As Chase said: Use the power of vectorization. You're comparing two bad solutions here.
To clarify why your apply solution is slower:
Within the for loop, you actually use the vectorized indices of the matrix, meaning there is no conversion of type going on. I'm going a bit rough over it here, but basically the internal calculation kind of ignores the dimensions. They're just kept as an attribute and returned with the vector representing the matrix. To illustrate :
> x <- 1:10
> attr(x,"dim") <- c(5,2)
> y <- matrix(1:10,ncol=2)
> all.equal(x,y)
[1] TRUE
Now, when you use the apply, the matrix is split up internally in 100,000 row vectors, every row vector (i.e. a single number) is put through the function, and in the end the result is combined into an appropriate form. The apply function reckons a vector is best in this case, and thus has to concatenate the results of all rows. This takes time.
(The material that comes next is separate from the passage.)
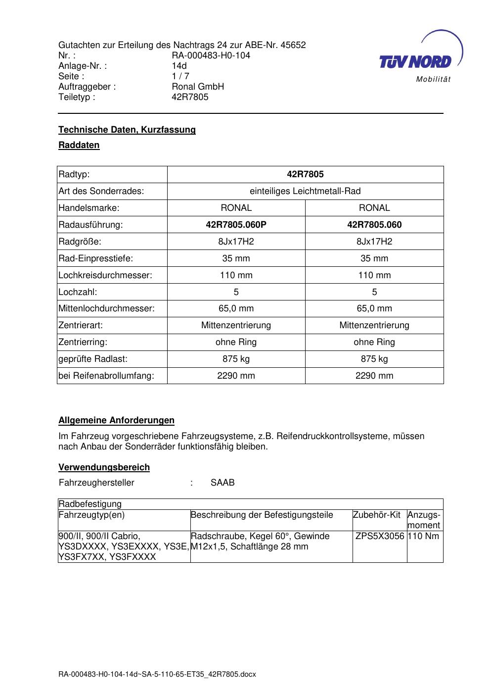 Dieses Gutachten (abe) bezieht sich auf die Alufelge brand-ronal 42R7805 in der Ausführung 8Jx17 ET 0, Mittenloch 0 mm (KBA 45652). Im PDF findest du typischerweise zulässige Reifengrößen, Auflagen/Anbauhinweise und – je nach Dokument – Hinweise zur Eintragung.

Also the sapply function first uses as.vector(unlist(...)) to convert anything to a vector, and in the end tries to simplify the answer into a suitable form. Also this takes time, hence also the sapply might be slower here. Yet, it's not on my machine.
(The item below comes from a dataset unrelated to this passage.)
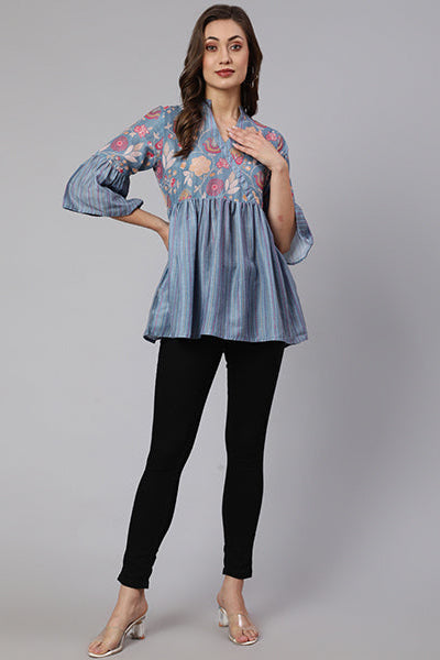 Grey Woven Silk Blend Peplum Top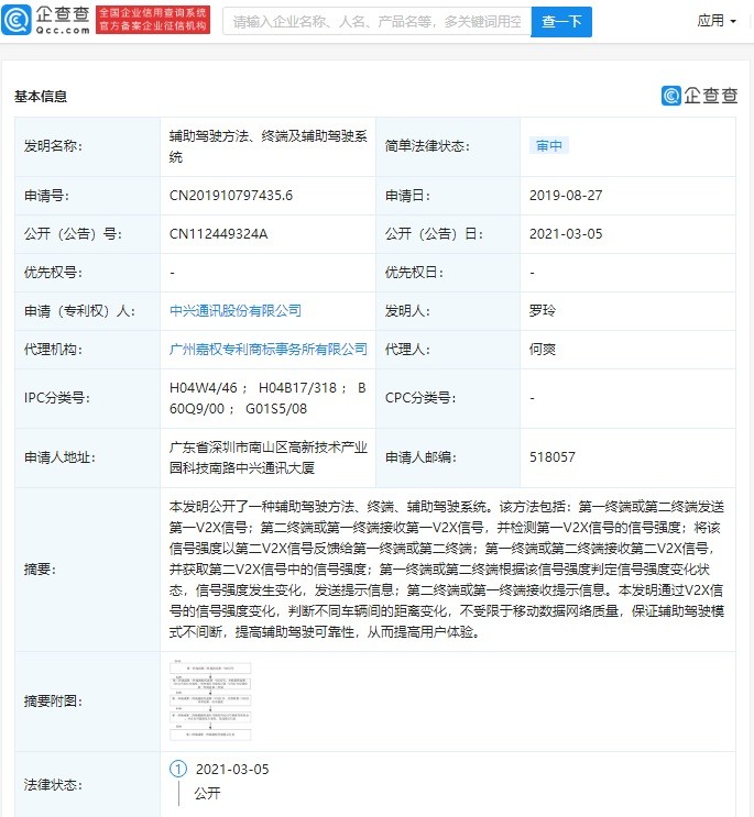 2021年03月05日 | 中兴通讯公开 “辅助驾驶系统”相关专利,可提高辅助驾驶可靠性

IF apply would be a solution here (and it isn't), you could compare :
> system.time(loop_million <- mash(million))
user system elapsed
0.75 0.00 0.75
> system.time(sapply_million <- matrix(unlist(sapply(million,squish,simplify=F))))
user system elapsed
0.25 0.00 0.25
> system.time(sapply2_million <- matrix(sapply(million,squish)))
user system elapsed
0.34 0.00 0.34
> all.equal(loop_million,sapply_million)
[1] TRUE
> all.equal(loop_million,sapply2_million)
[1] TRUE
You can use lapply or sapply on vectors if you want. However, why not use the appropriate tool for the job, in this case ifelse()?
> ptm <- proc.time()
> ifelse_million <- ifelse(million > 0,1,-1)
> proc.time() - ptm
user system elapsed
0.077 0.007 0.093
> all.equal(ifelse_million, loop_million)
[1] TRUE
And for comparison's sake, here are the two comparable runs using the for loop and sapply:
> ptm <- proc.time()
> apply_million <- sapply(million, squish)
> proc.time() - ptm
user system elapsed
0.469 0.004 0.474
> ptm <- proc.time()
> loop_million <- mash(million)
> proc.time() - ptm
user system elapsed
0.408 0.001 0.417
It is far faster in this case to do index-based replacement than either the ifelse(), the *apply() family, or the loop:
> million <- million2 <- as.matrix(rnorm(100000))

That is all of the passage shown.